Eric Boyd, corporate vice president of Microsoft Azure AI Platform, told The Verge that Phi-3 Mini possesses the same capabilities as large language models like GPT-3.5, just in a more compact size.

When pitted against their larger counterparts, smaller AI models typically offer cost-effective operation and superior performance on personal devices such as phones and laptops. Earlier this year, The Information disclosed Microsoft’s initiative to establish a team dedicated to developing lightweight AI models. In addition to Phi, the company has crafted Orca-Math, a model designed to tackle mathematical problems.

Microsoft’s rivals also offer their own lineup of compact AI models, primarily aimed at handling simpler tasks such as document summarization or aiding in coding tasks. Google’s Gemma 2B and 7B models excel in powering basic chatbots and language-related endeavors. Anthropic’s Claude 3 Haiku is proficient in parsing through dense research papers featuring graphs and swiftly summarizing their contents. Meanwhile, Meta’s newly introduced Llama 3 8B model serves purposes like chatbot support and coding assistance.

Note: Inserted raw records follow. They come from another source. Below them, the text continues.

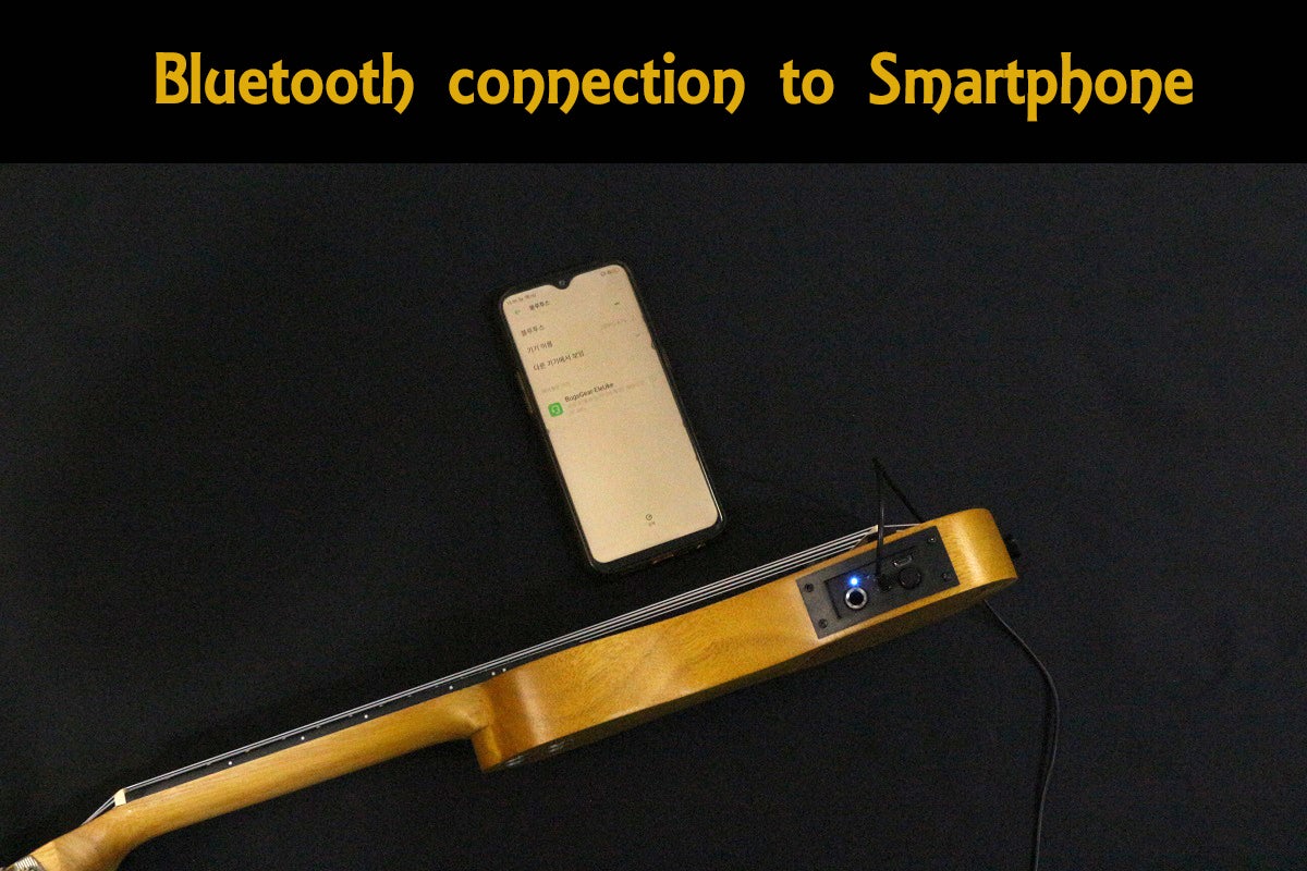 A)スマートフォンとのBluetooth接続は、内部電源をOnする必要があるため、必ずイヤホンジャック又はアンプジャックをまず接続した後、 Bluetoothのボタンを押してからスマートフォンの設定機能で、BluetoothをON後BugsGear-EleUkeデバイスを見つけ 選択してくだ下さい。 詳細については、エレウケ裏面のユーザーマニュアルアドレスを参照してください。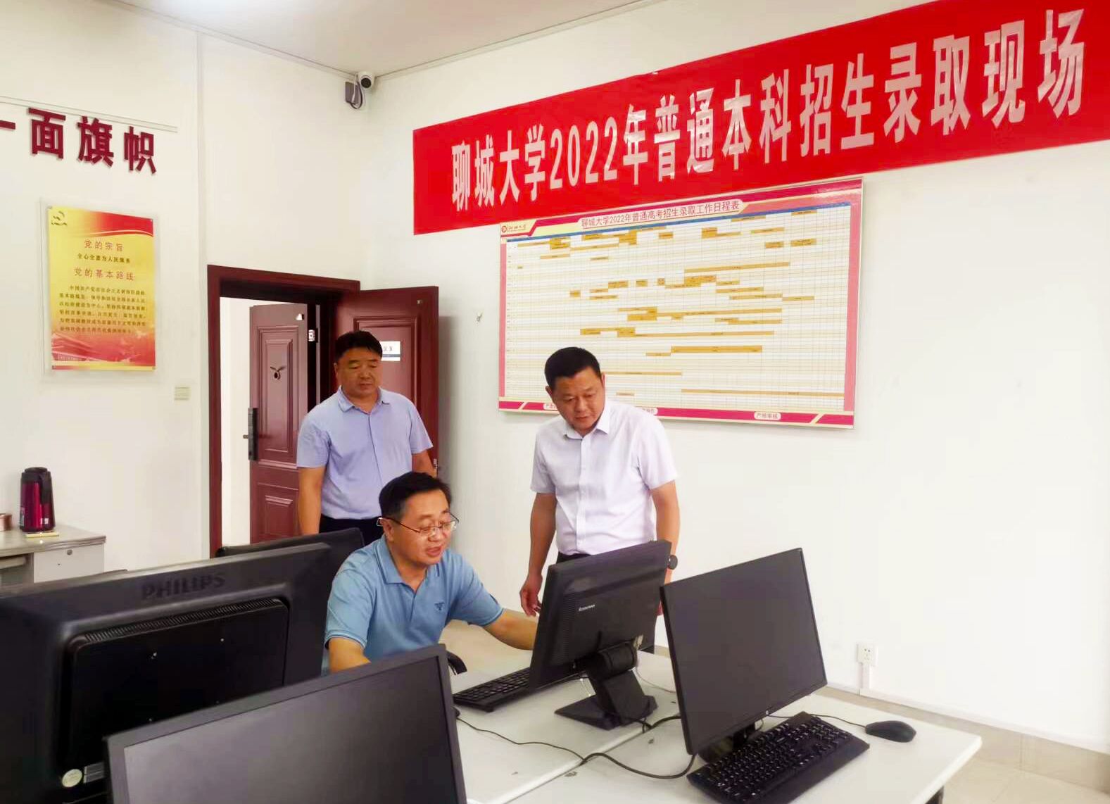 近日,党委书记关延平,党委副书记、校长王昭风在党委常委、副校长赵明吉陪同下,分别到招生工作处检查指导2022年普通高考录取工作,看望慰问招生一线工作人员并听取录取工作汇报。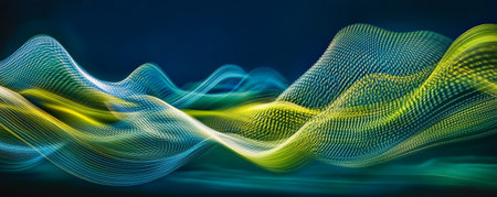 Green and blue light wave of energy with elegant glowing lines. Abstract technology background.
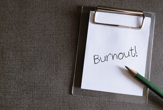 Paper Clip on copy space background with grunge handwriting BURNOUT, means reaction to prolonged or chronic job stress lead to physical and emotional exhaustion state

Boyd explains that developers utilized a “curriculum” to train Phi-3. They drew inspiration from the way children absorb knowledge through bedtime stories and books featuring simpler language and sentence structures, yet discussing broader subjects.

“There aren’t enough children’s books out there, so we took a list of more than 3,000 words and asked an LLM to make ‘children’s books’ to teach Phi,” Boyd says.

He further explained that Phi-3 essentially refined the knowledge accumulated by its predecessors. While Phi-1 concentrated on coding and Phi-2 started delving into reasoning, Phi-3 exhibits enhanced proficiency in both coding and reasoning tasks. Despite possessing some general knowledge, the Phi-3 lineup falls short of matching the breadth of a GPT-4 or another large language model (LLM). There’s a significant contrast in the types of responses attainable from an LLM trained on the entirety of the internet compared to a smaller model like Phi-3.

Boyd mentions that many companies discover that smaller models like Phi-3 are more effective for their customized applications. This is particularly true because, for many companies, their internal datasets tend to be relatively small. Additionally, since these models require less computing power, they are often much more cost-effective.